"I'm gonna peace you in the side of the fuckin' head if you don't give us the dog."

After having been negligent in the movie-watching department for the last several months, we’ve been on a tear the past week:

  • The Lincoln Lawyer wasn’t quite as rubbish as the preview suggested, but it wasn’t anything to write home about either. Strong supporting cast though.
  • Red State was disappointing. It just never seemed to get anywhere with what it was trying to say, despite having scads of material to work with given its Sex/Religion/Politics themes. A miss for Kevin Smith.
  • Mission Impossible 4: Ghost Protocol was surprisingly impressive. From the second it began it never let up with all the action, gadgetry and crazy ass stunts you’d imagine. See it in IMAX if you have the option. Paula Patton: new girlfriend du jour. Oh, and a six-minute Batman preview!
  • The American remake of The Girl With The Dragon Tattoo was excellent. David Fincher made the story even darker, Trent Reznor’s score was all technology and foreboding, Daniel Craig played Blomqvist more like a real reporter and (ironically) less like James Bond, and Rooney Mara might have even been a better Lisbeth Salander than Noomi Rapace. Definitely worth seeing.
  • The Debt was one we hadn’t heard much about but decided to see based on the cast. Not mind-blowing, but a solid enough movie about spycraft and revenge.
  • Your Highness was one of the shittiest movies I’ve seen in yonks. What in the blazing Hibernian Jesus has happened to David Gordon Green?!?
  • Last Night (surely the most common movie title ever) was something Nellie watched and I kind of paid attention to for all the Keira Knightley. It didn’t seem terrible, but I’ve already forgotten pretty much the whole movie except how great it (the cast, the shots, New York) looked.
  • If you’ve seen the preview for Our Idiot Brother you’ve seen most of the funniest parts, but it was still amusing enough. Paul Rudd’s Paul Rudd, and the supporting cast is good, but it choked a little on its own adorableness. Interesting trivia: director Jesse Peretz was the original bass player for The Lemonheads. OK, well, interesting to me anyway.

"I slappa da bass."

On Saturday Nellie wanted to see I Love You, Man (imdb | rotten tomatoes) and I needed a laugh after a long day at work, so to the AMC at Yonge & Dundas we went. Nellie has an alarming affection for both Paul Rudd and Jason Segel, and I like them both (in a pretty different way though) and love Rashida Jones. Besides, it just looked funny in the trailers, and funny was what I wanted.

Happily, we both really liked it. It was kind of in the vein of Knocked Up, I guess, except that it never lapsed into relationship cliche. The relationship between Rudd and Jones didn’t feel Hollywood, it felt pretty real.

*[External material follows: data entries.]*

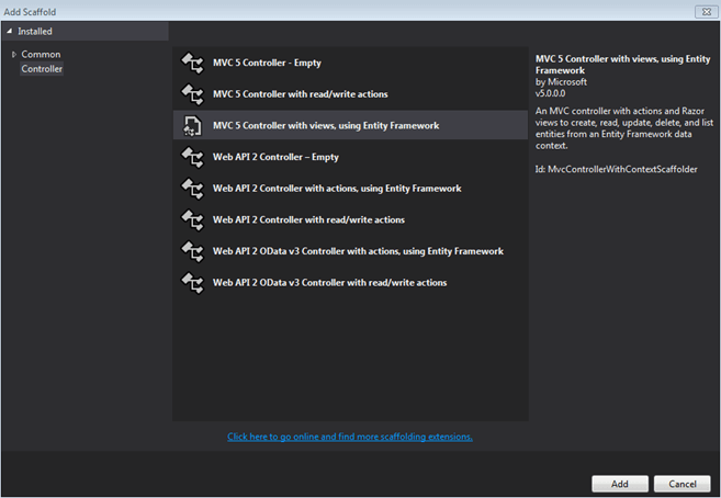 Once you add this Controller, Scaffold templates will create all read-write action with views, using Entity Framework.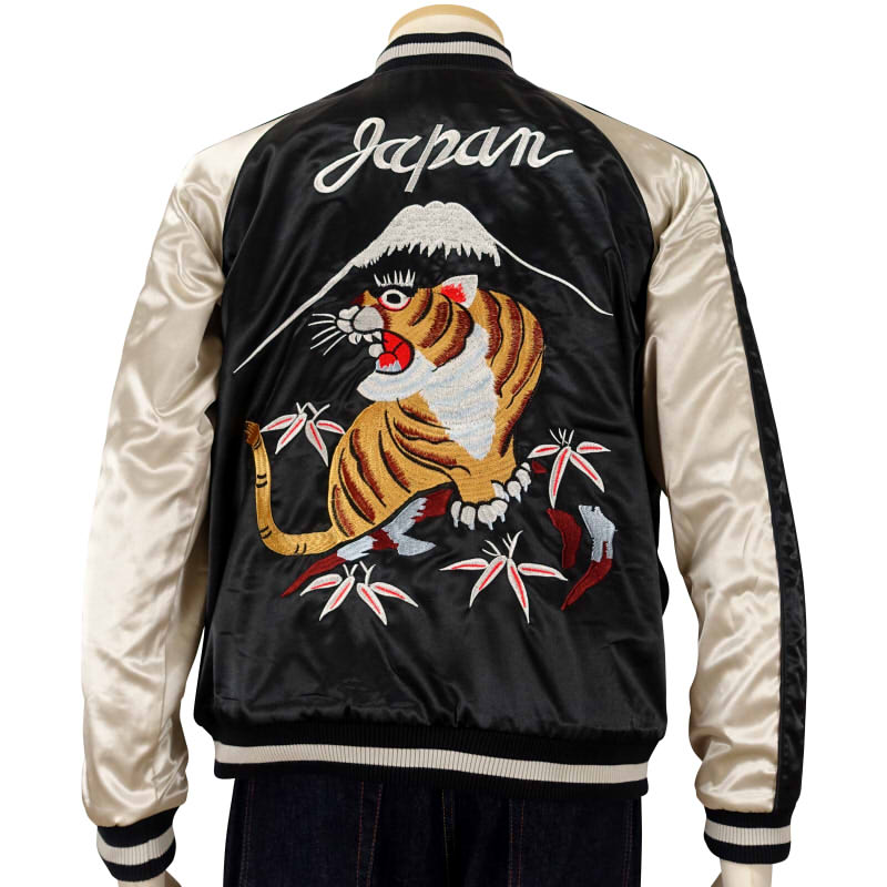 HGSK-044 虎刺繍/別珍 刺繍 リバーシブル スカジャン《ブラック×ベージュ》《ブラック×ブラック》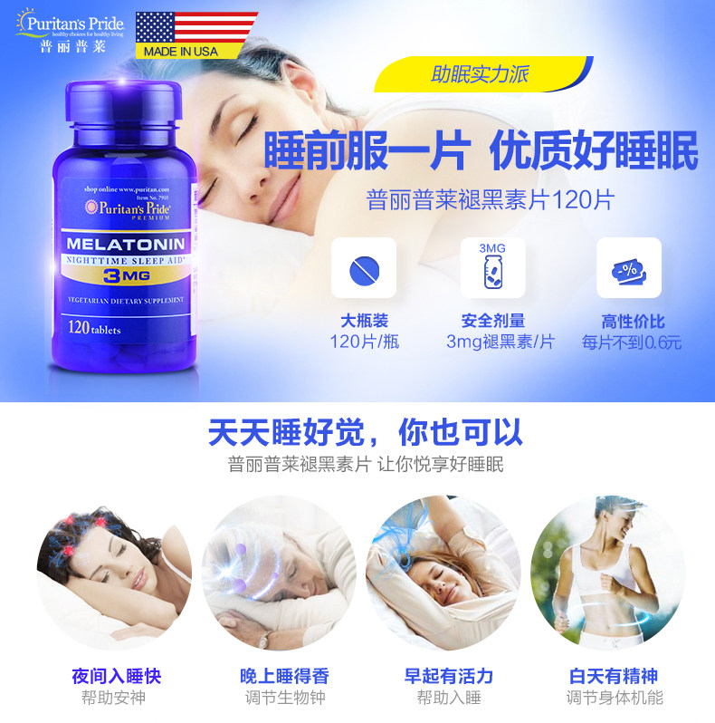 Pribula Американские взрослые таблетки мелатонина Сонные спящие таблетки сон ногами меланин 3 мг*120 таблетки*2 бутылки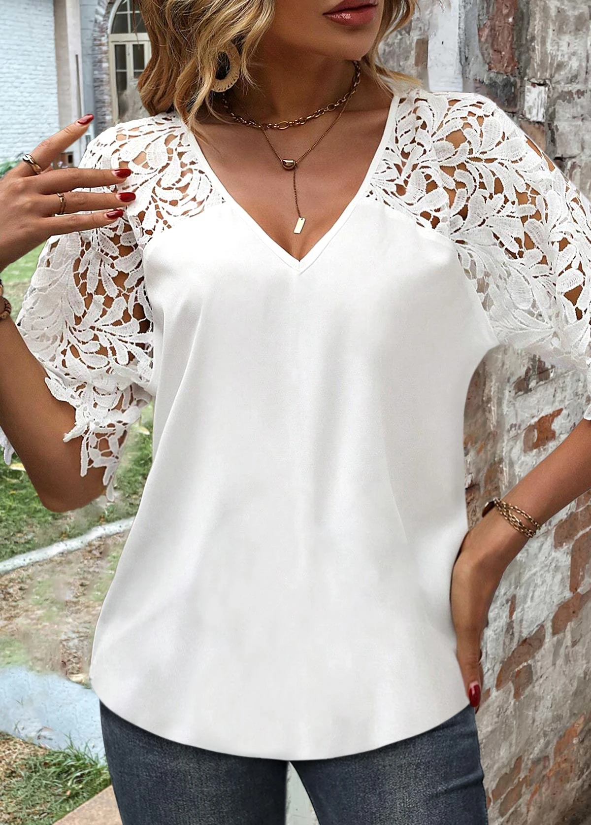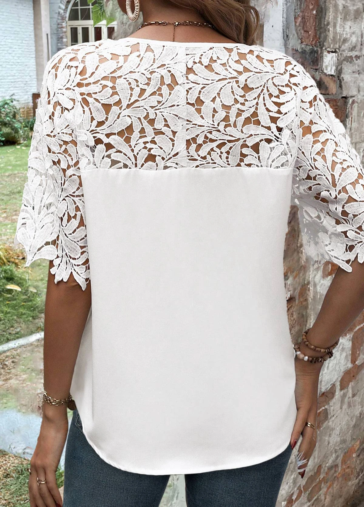 Be the first to review “Lace V Neck Half Sleeve White Blouse” Cancel reply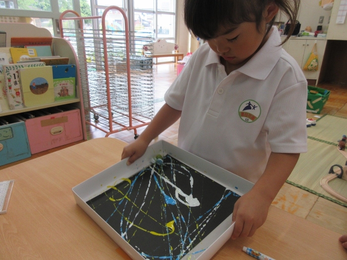 まずは、画用紙に絵の具を付けたビー玉を転がして、土台を作りました。「きれい!流れ星みたいだね!」とわくわくした表情で、ビー玉を転がしているお子さまたち。模様や色が変わっていくのに、夢中になっていましたよ!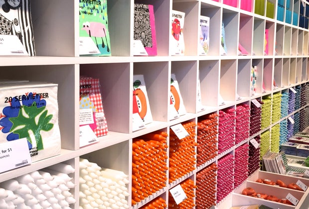My kids went right for the goldfish pencil sharpener, the light-up lipstick pen and the 40-page activity book for two bucks. I stocked up on $3 painting canvases, stickers and $1 packs of dinner napkins that come in a dozen different designs, from sliced red onions to cupcakes to panda bears. There's also a huge variety of clever storage ideas—you'll be thankful for the friendly staff, eager to help you figure it all out.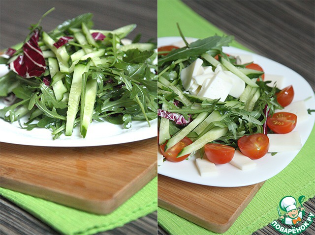 Вокруг разложить помидоры и моцареллу, остатки сыра уложить в центр, салат посолить и полить оливковым маслом.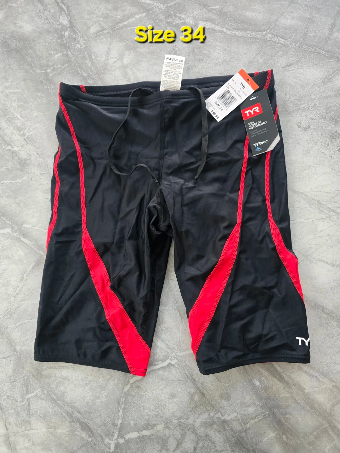 Selling a TYR jammer swimsuit, size 34. It's in black with red accents. Great for competitive swimming or training!
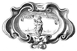Description: This copper plate engraving is a rendition of the coat of arms of Eleanor of Toledo, Duchess of Florence (1522-1562). The woman in the center of the image is holding a dagger. The coat of arms and engravings in this book were designed by Silvestro Pietrasanta (1590-1647).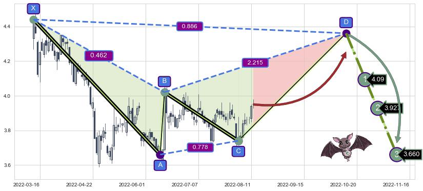 ➣ 未完成【蝙蝠】形态起点X: 2022-03-11, 已到达C点: 2022-08-03, 预测最终D点: 2022-10-13, 共149交易日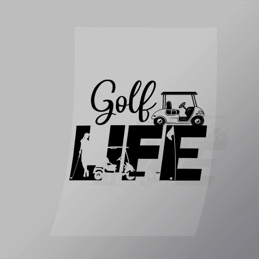 A great Golf Life Black DTF (Direct to Film) Transfer available in multiple sizes. (Beased on width at artwork aspect ratio)
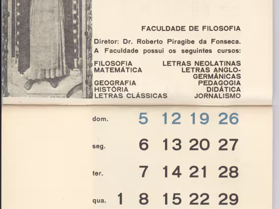 Calendário referente mês de Dezembro de 1961. Contém informações sobre a Faculdade de Filosofia, Ciências e Letras Santa Úrsula e a Escola de Biblioteconomia. Edição comemorativa do aniversário de 20 anos da Universidade. Imagem de alunos em uma biblioteca, talvez na Santa Úrsula.
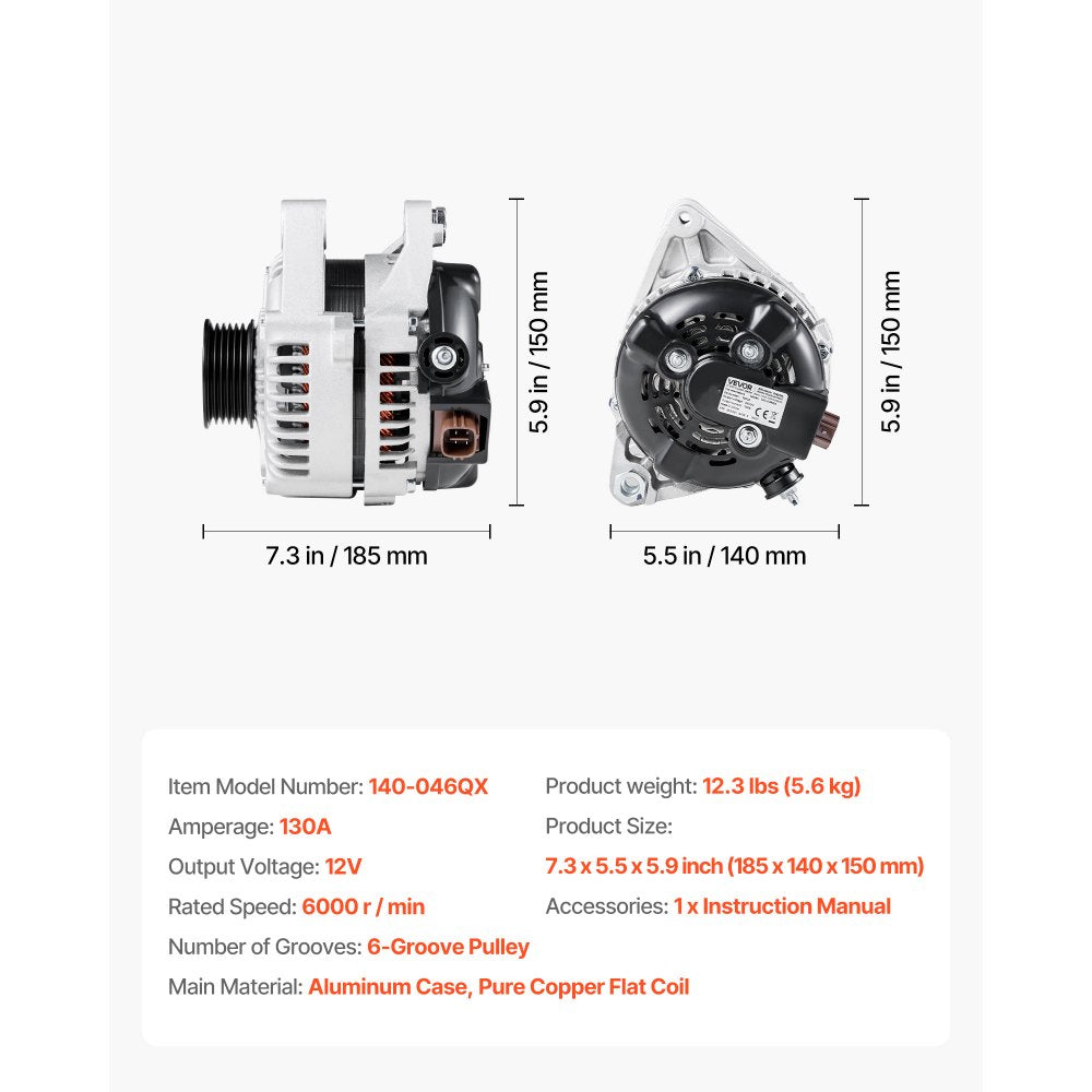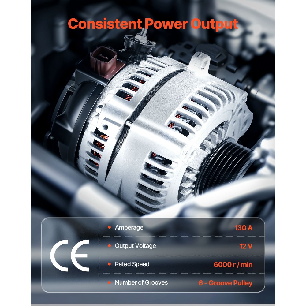 - Stable Performance: This alternator replacement delivers efficient 12V DC output to power your vehicle's systems. The 6-groove pulley ensures a steady, non-slip drive up to 6000 RPM—keeping ignition, lighting, and infotainment running smoothly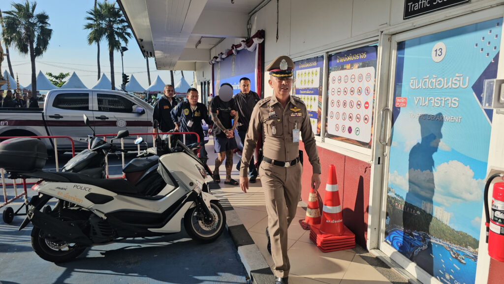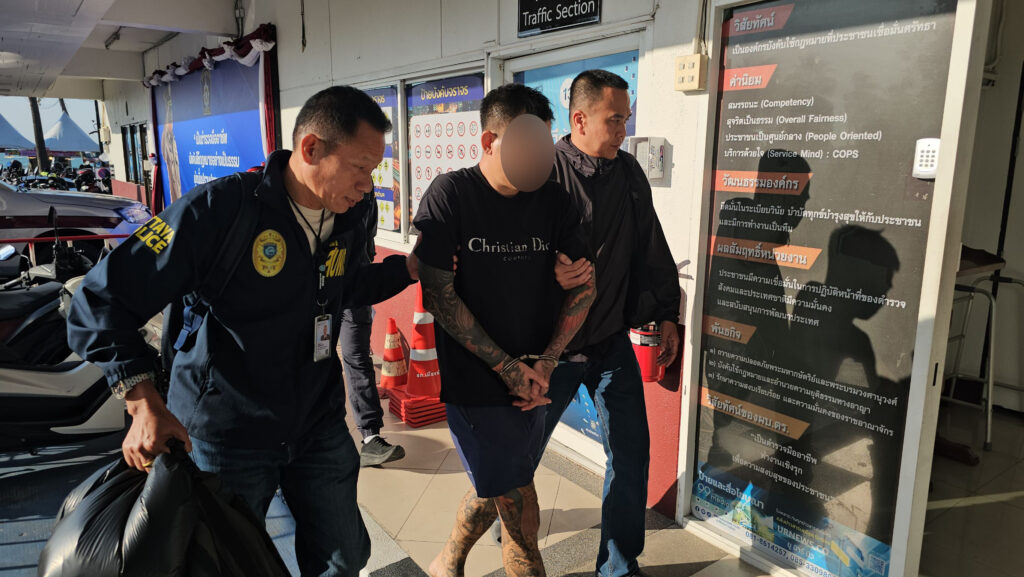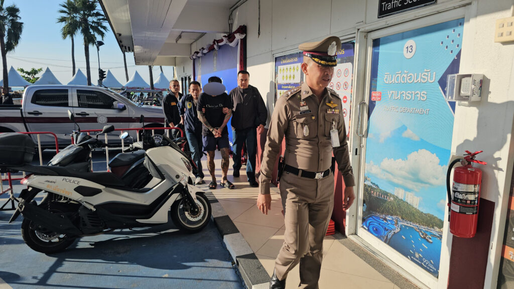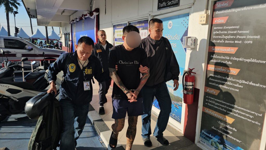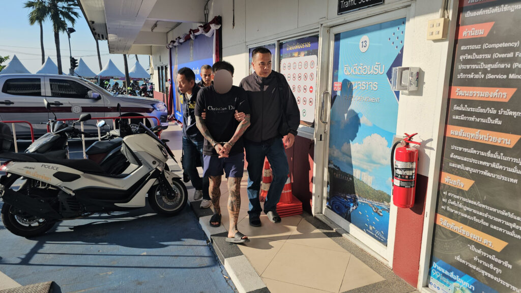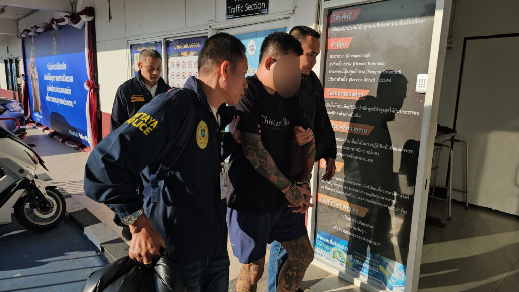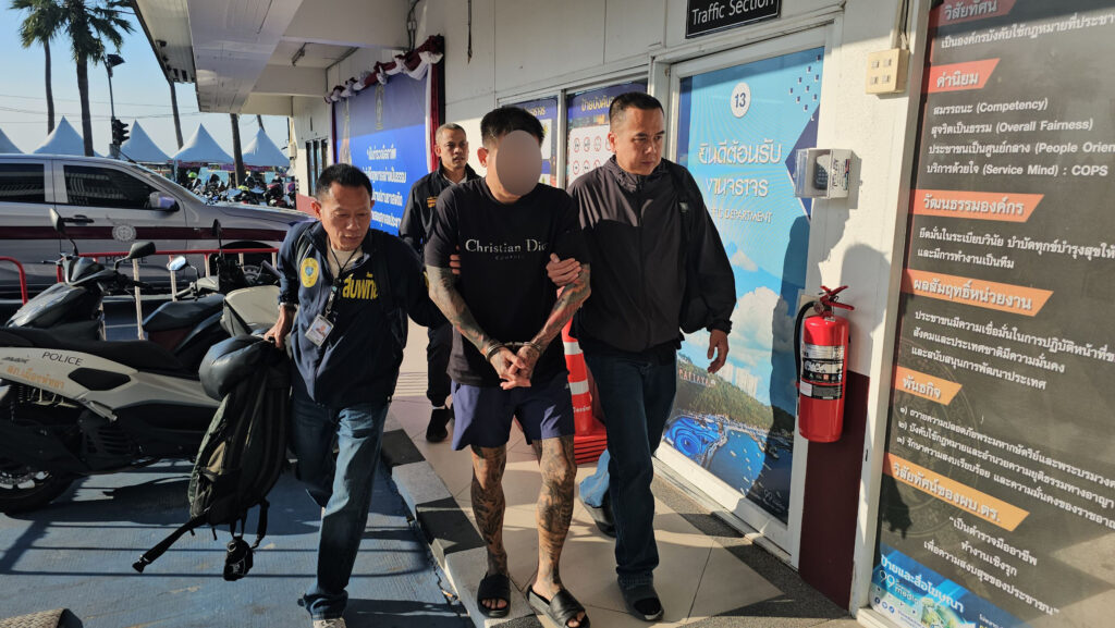 ต่อมาเวลา 16.30 น. วันที่ 29 ธันวาคม 2568 พ.ต.อ.เอนก สระทองอยู่ ผกก.สภ.เมืองพัทยา พร้อมด้วย พ.ต.ท.อรุษ สภานนท์ รอง ผกก.สส. สภ.เมืองพัทยา นำกำลังชุดสืบสวนร่วมกับตำรวจตรวจคนเข้าเมือง จ.ชลบุรี และตำรวจท่องเที่ยวเมืองพัทยา ควบคุมตัวผู้ก่อเหตุ ทราบชื่อ นายเฉา เฉิน (Chao Chen) อายุ 36 ปี สัญชาติจีน พร้อมของกลางเป็นเสื้อผ้าเครื่องแต่งกาย (เสื้อฮู้ดแขนยาว-กางเกงขายาวสีดำ) ที่สวมใส่ในวันเกิดเหตุ โดยสามารถจับกุมได้ภายในค่ายมวยริมถนนเลียบทางรถไฟ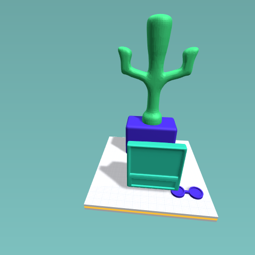 it is made of a tree,tv,stool.cross,and bowls
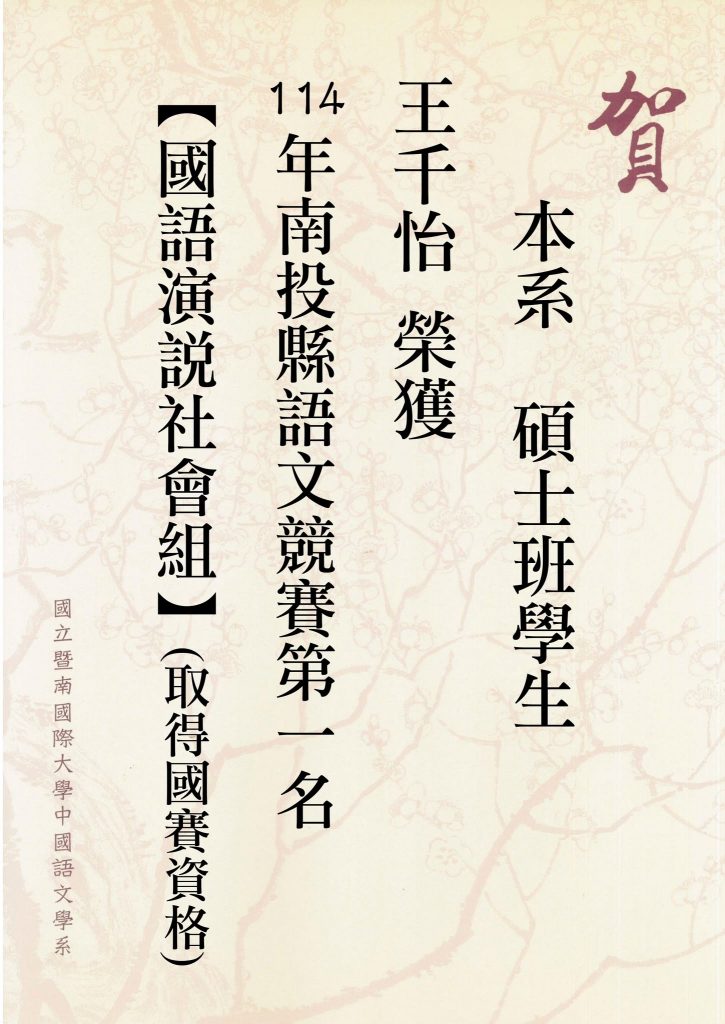 賀!碩士班學生王千怡 榮獲114年南投縣語文競賽第一名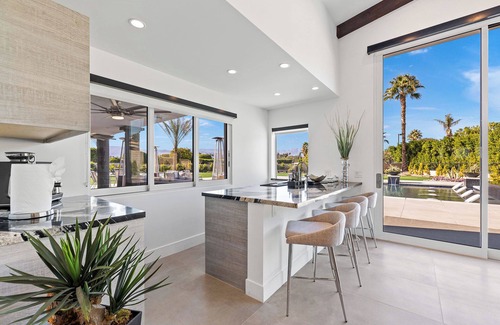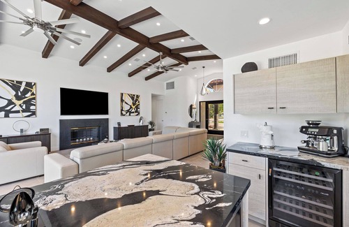 The open concept floorplan has over 4200 square feet to kick back and relax with your group. The great room has comfortable seating and looks out to the pool yard. The gourmet kitchen features high end appliances, gas range, double ovens, and ample counter space. Indoor dining seating for 28 - at the oversized island with 6 seats, second island for 6, kitchen table for 4, and formal dining room for 8. Fabulous bar with prep island and sink, wine fridge and seating for 4. Media room with seating and a TV.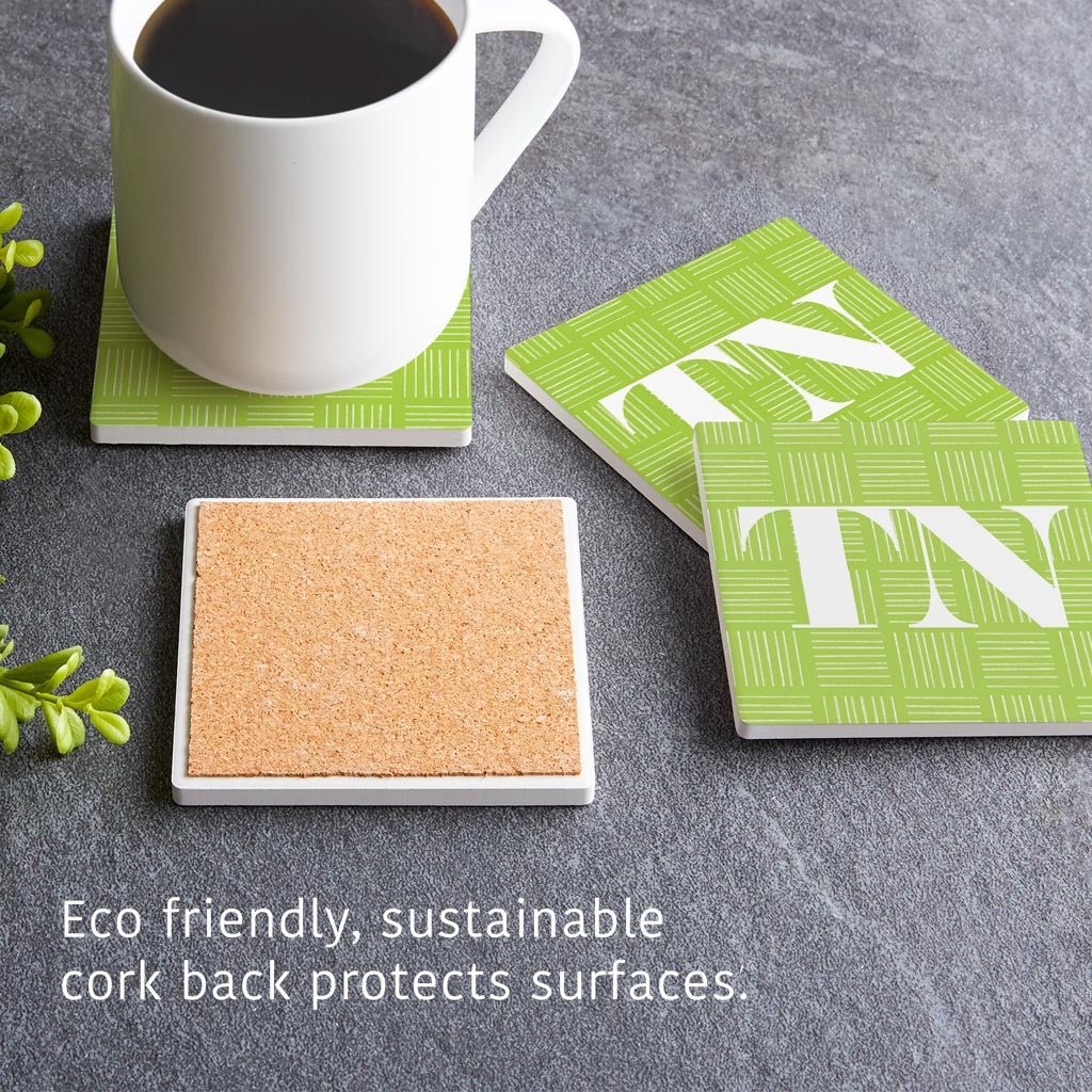 Bright Modern Abbreviated On Green Tennessee | Absorbent Coasters | Set of 4 | Min 2

Other characters, like Segel’s and the hilarious asshole played by Jon Favreau, were sillier, but always funny. Rudd actually played it pretty straight, except for one scene (from which this post takes its title) that had me almost crying and I’m pretty sure was just Paul Rudd being Paul Rudd. Lots of other laughs through the whole movie too.

Side note: Rush featured very prominently in this film (they were actually in it). We also saw the trailer for Adventureland (imdb) and a character in the trailer has a funny bit involving “Spirit Of The Radio”…is Rush the official band of 2009? Does Geddy Lee have incriminating video of one or more studio heads? Weird.